1574
20 J.H. van de Laar 1807-1874
Lambert Meliszoon door de Spanjaarden achterhaald
Doek, 90 × 104,5 cm
Gesigneerd en gedateerd: J.H. van de Laar 1854
Hoorn, Westfries Museum
Lambert Meliszoon uit Westzaan probeert als dierbaarste goed zijn moeder uit de handen van de plunderende Spaanse soldaten te redden. Tijdens zijn vlucht over de bevroren sloten wordt hij echter achterhaald door op buit beluste Spanjaarden. Als zij bemerken, dat de door hem voortgetrokken slee niet de verwachte kostbaarheden maar Lamberts halfbevroren moeder bevat, moeten zij hem beschaamd vrijuit laten gaan. Op dit schilderij van Van de Laar beveelt de (rechtschapen) hoofdman, getroffen door zoveel moederliefde, zijn manschappen moeder en zoon ongedeerd te laten.
Het tafereel moet zich in het begin van 1574 afgespeeld hebben, toen de Spaanse troepen plunderend en brandstichtend door Noord-Holland trokken. De geschiedenis wordt al vermeld kort na 1600 in een Hoornse kroniek. In deze stad is de herinnering aan Lamberts daad altijd levendig gebleven, omdat hij zich daar na zijn vlucht metterwoon had gevestigd. Nationale bekendheid kreeg hij vooral door Tollens' gedicht De jongeling van Westzanen, dat in de jaren twintig van de vorige eeuw in druk verscheen. Daarin wordt Lambert als de ‘Hollandsche Aeneas’ bezongen. Ontsnapte Aeneas met zijn vader op zijn rug uit het brandende Troje, Lambert trok zijn moeder op een slee uit het brandende Westzaan: ‘Wat slaan wij dan naar verder strand, | Naar vroeger eeuw den aanblik toch, | En volgen uit den Trooischen brand | Eneën en Anchisen nog? | Wat vreemde fabelpennen schreven, | Dat is op onzen grond bedreven.’
In de inleiding is reeds vermeld, dat Van de Laar voor zijn onderwerpen bij voorkeur bij Tollens te rade ging. Het is mogelijk, dat hij ook het indertijd populaire toneelstuk van mevrouw A.P. Muller-Westerman (1834) heeft gezien. Sommige bijzonderheden op het schilderij komen wel in haar toneelstuk voor maar niet bij Tollens, die niet nader op details ingaat. Zo zijn haar aanwijzingen voor het decor van het tweede bedrijf: ‘In het verschiet vertoonen zich eenige brandende dorpen, ter linkerzijde van den aanschouwer eenig riet.’ In dat bedrijf laat de schrijfster Lambert snel met zijn slee het riet induiken, als hij de Spanjaarden ziet naderen.

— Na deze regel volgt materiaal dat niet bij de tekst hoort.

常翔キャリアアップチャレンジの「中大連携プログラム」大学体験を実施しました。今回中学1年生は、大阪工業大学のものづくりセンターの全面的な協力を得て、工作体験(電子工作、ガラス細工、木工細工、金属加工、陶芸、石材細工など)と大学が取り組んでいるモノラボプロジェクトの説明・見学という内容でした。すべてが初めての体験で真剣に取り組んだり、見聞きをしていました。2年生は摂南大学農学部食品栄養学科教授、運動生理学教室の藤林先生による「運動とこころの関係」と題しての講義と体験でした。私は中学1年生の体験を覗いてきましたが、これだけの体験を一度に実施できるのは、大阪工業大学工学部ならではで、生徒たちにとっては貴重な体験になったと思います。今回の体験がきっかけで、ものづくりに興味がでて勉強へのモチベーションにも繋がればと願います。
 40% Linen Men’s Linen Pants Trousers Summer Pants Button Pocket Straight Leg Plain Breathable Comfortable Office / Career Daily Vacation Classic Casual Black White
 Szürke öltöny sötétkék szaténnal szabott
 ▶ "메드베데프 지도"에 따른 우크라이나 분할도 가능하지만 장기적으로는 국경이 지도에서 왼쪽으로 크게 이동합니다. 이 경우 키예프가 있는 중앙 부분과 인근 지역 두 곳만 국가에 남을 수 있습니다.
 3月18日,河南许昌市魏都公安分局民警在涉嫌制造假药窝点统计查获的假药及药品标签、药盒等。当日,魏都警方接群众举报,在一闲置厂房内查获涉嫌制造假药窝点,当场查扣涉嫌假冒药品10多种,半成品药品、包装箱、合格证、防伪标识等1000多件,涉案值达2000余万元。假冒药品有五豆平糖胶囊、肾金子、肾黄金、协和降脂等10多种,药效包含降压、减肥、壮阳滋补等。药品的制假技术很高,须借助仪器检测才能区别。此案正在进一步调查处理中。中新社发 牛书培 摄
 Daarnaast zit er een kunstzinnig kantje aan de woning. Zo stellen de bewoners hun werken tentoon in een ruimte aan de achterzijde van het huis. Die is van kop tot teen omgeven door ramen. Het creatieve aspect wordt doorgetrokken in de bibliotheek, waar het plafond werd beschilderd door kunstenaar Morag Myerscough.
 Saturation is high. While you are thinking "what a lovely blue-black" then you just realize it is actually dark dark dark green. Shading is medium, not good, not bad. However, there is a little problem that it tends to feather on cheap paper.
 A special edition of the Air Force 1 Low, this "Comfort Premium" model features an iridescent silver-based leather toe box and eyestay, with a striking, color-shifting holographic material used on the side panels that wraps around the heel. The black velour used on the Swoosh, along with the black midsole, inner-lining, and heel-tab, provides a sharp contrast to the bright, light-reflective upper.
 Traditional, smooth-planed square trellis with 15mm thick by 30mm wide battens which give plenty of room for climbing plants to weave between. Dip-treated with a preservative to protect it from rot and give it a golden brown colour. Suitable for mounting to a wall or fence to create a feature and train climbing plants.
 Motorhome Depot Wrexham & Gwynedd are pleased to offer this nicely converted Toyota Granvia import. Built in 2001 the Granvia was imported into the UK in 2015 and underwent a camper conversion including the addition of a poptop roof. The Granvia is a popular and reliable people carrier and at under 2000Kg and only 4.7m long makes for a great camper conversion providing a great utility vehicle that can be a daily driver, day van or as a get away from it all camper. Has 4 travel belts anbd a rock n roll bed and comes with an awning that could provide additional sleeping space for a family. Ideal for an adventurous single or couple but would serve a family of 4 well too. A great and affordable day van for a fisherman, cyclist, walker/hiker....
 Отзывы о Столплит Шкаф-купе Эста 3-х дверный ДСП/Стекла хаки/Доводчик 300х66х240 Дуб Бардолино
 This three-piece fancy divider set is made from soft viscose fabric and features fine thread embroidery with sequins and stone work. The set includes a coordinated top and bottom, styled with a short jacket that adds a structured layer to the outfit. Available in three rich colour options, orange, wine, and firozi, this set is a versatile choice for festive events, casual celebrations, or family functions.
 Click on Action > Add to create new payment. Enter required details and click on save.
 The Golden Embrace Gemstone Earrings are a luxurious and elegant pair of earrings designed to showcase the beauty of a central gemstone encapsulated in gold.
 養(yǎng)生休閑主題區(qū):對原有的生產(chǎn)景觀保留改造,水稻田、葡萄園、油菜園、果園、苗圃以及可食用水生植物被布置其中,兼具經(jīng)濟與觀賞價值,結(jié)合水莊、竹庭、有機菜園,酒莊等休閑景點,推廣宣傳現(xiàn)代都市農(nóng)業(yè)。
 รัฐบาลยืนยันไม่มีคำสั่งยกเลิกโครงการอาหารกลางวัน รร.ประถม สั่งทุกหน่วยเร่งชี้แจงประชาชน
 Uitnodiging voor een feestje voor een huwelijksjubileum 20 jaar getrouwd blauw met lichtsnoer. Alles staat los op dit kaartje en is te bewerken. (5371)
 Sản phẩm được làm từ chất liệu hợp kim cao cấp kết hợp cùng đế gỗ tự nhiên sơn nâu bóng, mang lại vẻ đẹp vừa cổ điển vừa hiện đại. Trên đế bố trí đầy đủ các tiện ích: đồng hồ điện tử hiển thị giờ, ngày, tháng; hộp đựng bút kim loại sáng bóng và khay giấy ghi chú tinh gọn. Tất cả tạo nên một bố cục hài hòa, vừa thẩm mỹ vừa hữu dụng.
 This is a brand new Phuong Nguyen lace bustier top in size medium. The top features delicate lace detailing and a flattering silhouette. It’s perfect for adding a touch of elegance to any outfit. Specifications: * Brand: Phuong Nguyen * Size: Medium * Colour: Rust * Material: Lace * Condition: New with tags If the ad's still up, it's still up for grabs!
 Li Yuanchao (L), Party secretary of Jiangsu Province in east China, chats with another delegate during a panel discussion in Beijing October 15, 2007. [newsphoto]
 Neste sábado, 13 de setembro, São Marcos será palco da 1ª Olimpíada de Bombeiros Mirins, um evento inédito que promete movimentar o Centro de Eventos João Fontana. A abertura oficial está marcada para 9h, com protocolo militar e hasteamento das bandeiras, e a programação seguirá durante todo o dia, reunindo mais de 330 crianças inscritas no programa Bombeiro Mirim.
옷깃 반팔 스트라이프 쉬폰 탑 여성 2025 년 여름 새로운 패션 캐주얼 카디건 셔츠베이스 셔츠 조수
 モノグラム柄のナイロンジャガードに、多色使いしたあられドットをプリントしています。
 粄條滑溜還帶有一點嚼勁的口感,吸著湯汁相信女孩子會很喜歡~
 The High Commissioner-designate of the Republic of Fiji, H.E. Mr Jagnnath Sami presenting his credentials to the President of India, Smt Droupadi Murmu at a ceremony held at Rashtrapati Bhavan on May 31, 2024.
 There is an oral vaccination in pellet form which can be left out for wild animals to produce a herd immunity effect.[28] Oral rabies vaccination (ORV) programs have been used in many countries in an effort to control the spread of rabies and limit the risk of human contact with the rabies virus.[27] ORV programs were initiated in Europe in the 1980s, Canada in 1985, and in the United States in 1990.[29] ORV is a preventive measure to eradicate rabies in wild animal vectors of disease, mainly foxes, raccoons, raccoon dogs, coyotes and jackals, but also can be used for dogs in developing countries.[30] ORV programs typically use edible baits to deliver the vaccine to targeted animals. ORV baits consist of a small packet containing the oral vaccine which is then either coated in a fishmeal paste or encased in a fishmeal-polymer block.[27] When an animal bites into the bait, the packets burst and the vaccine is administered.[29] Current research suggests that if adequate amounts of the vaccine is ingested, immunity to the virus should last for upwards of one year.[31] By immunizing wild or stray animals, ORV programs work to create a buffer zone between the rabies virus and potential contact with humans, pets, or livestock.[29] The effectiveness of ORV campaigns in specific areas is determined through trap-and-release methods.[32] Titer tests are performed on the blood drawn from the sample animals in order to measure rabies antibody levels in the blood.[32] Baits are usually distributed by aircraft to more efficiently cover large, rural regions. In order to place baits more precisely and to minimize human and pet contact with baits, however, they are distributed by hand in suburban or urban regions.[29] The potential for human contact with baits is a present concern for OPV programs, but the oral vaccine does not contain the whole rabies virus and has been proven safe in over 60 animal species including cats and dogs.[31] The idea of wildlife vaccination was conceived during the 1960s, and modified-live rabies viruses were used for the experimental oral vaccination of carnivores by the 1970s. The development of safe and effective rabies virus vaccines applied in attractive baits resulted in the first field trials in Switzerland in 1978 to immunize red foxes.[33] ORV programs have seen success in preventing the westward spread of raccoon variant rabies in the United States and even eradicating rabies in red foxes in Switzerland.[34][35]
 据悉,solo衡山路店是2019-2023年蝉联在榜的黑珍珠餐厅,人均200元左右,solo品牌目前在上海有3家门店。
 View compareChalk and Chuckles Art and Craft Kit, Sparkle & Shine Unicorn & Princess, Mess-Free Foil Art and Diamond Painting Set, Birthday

Het was niet de eerste keer, dat Van de Laar Lambert Melisz. uitbeeldde. Twee jaar voor de première van het bovengenoemde toneelstuk had hij reeds De moederlievende jongeling van Westzanen geëxposeerd. We weten niet of dit schilderij veel verschilt van het twintig jaar latere werk. Het latere werk is nooit op een van de tentoonstellingen van levende meesters geweest, om redenen die aanstonds duidelijk zullen worden.
Van der Aa vermeldt dat enkele van de aanzienlijkste families van Hoorn van Lambert afstammen. Van een verhevigde belangstelling voor Lambert en zijn nakomelingschap in de jaren vlak voor het schilderij is ontstaan, getuigen een paar berichten in De Navorscher, in de jaargangen 1852-'54. Daarin wordt met name de familie VerLoren van Themaat genoemd, van wie, zo bleek na onderzoek, de opdracht voor het schilderij afkomstig is. De familieleden hielden de herinnering aan hun stamvader hoog in ere, waarvoor zij zich echter baseerden op een niet helemaal waterdichte geslachtslijst. Eén van hen, mr. Hendrik VerLoren van Themaat, heeft het stuk laten schilderen, waarschijnlijk ter gelegenheid van zijn huwelijk.